_YOUR OBJECTIVE_: Leave out every picture, and return exactly the lines from the line containing "工展會攤位 CEDAR Workshop's" through the end of the records below, both inclusive.
++++ RECORDS TO USE ++++
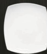
BB Plate 4812 Av. Diameter 16 cm Av. Weight 230 g
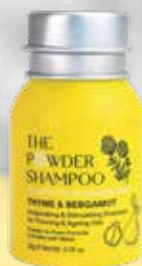
20g/0.70oz Aluminium Refillable Bottle
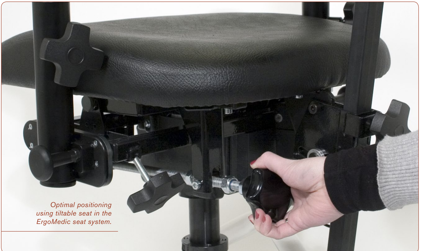
Optimal positioning using tiltable seat in the ErgoMedic seat system.

The adjustable seat angle, forwards and backwards, makes it easy to find the correct position for the patient.
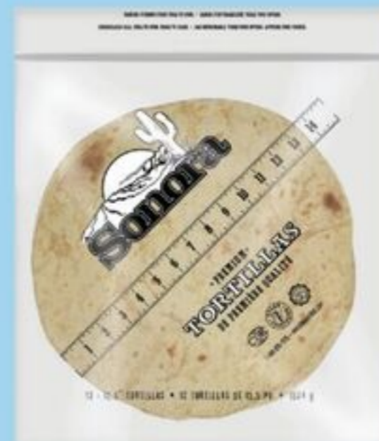
SONORA 13.5" FLOUR TORTILLAS 12'S 21532737_EA
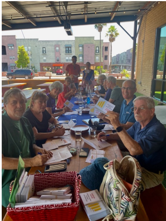
June 15, Brother John's
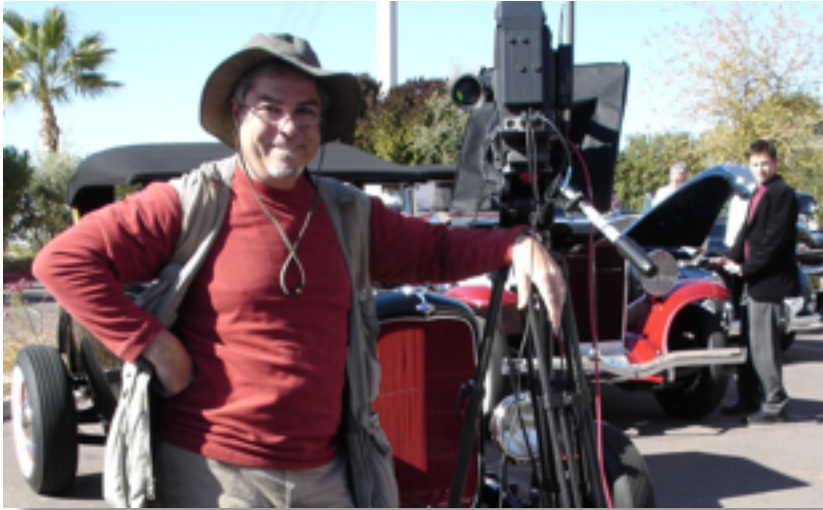
On set with Tanner Foust, host of the RM Classic Car Auction.
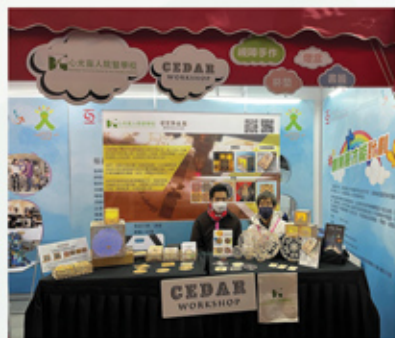
工展會攤位 CEDAR Workshop's booth at the Hong Kong Brands and Products Expo

CEDAR Workshop獲社會福利署、勞工及福利局邀請，分別在2021年12月19至26日及2021年12月31至2022年1月3日於工展會設置攤位，讓社會大眾認識及了解視障人士的能力。是次攤位中售賣的產品以各款木製杯墊及夜燈盒為主，我們的服務對象及義工亦落力參與其中，除了向在場人士講解及推銷產品外，也不忘分享自身經歷，吸引了很多市民前來了解及支持。總括而言，是次活動不但為「有作為」帶來額外的收入，也讓服務對象及義工獲得深刻而難忘的工作體驗，亦加深了社會大眾對視障人士的理解，意義重大。
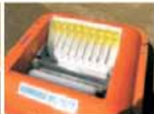
Tête KOMARA DUO
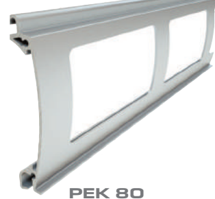
Profile height 80mm Thickness 18.5mm Max width 6000mm Max surface 15m²
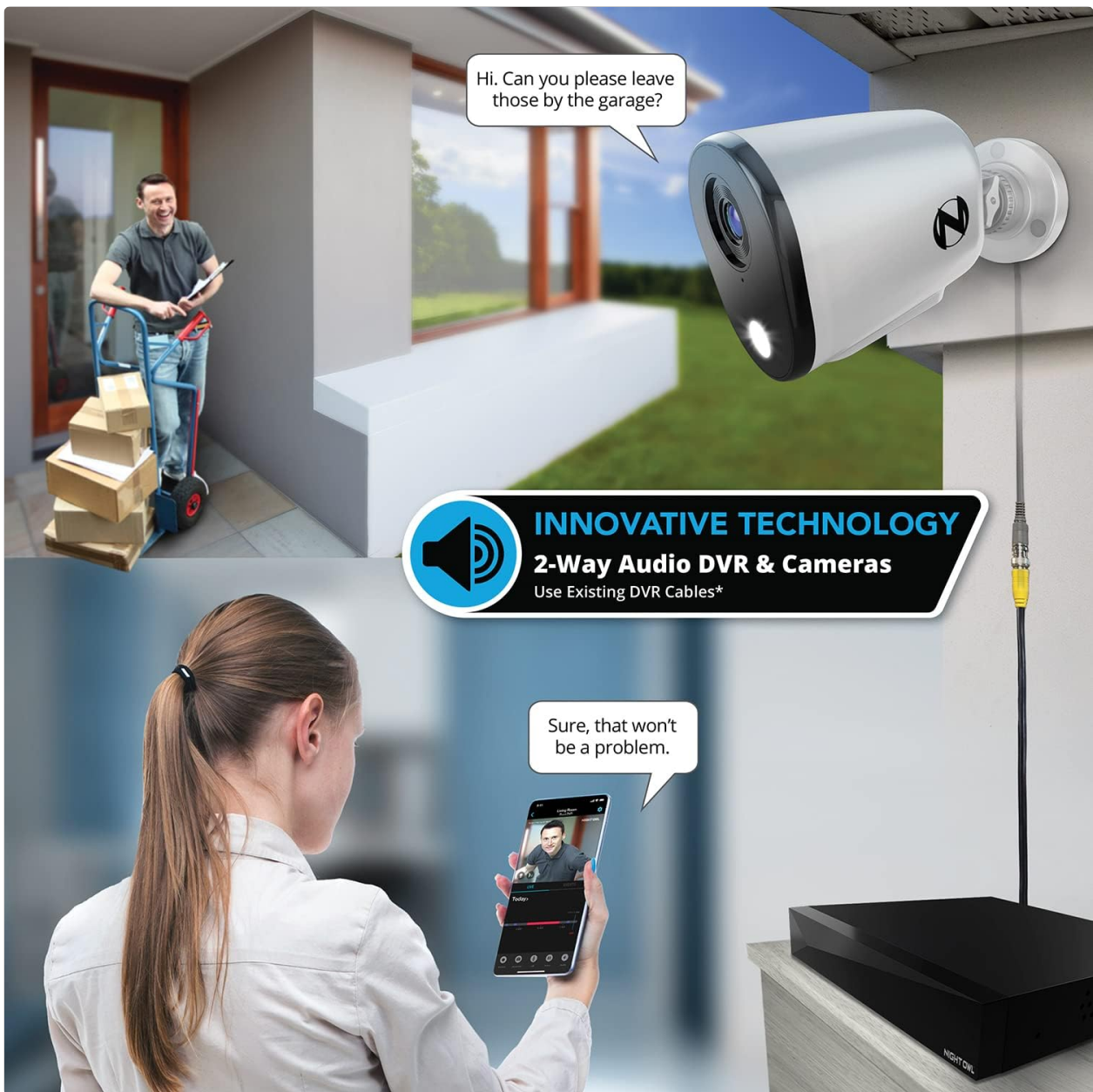
Image 4.1: An illustration of the 2-way audio feature, enabling communication with individuals near the camera.
++++
_PROBLEM SOLUTION_:
工展會攤位 CEDAR Workshop's booth at the Hong Kong Brands and Products Expo

CEDAR Workshop獲社會福利署、勞工及福利局邀請，分別在2021年12月19至26日及2021年12月31至2022年1月3日於工展會設置攤位，讓社會大眾認識及了解視障人士的能力。是次攤位中售賣的產品以各款木製杯墊及夜燈盒為主，我們的服務對象及義工亦落力參與其中，除了向在場人士講解及推銷產品外，也不忘分享自身經歷，吸引了很多市民前來了解及支持。總括而言，是次活動不但為「有作為」帶來額外的收入，也讓服務對象及義工獲得深刻而難忘的工作體驗，亦加深了社會大眾對視障人士的理解，意義重大。
Tête KOMARA DUO
Profile height 80mm Thickness 18.5mm Max width 6000mm Max surface 15m²
Image 4.1: An illustration of the 2-way audio feature, enabling communication with individuals near the camera.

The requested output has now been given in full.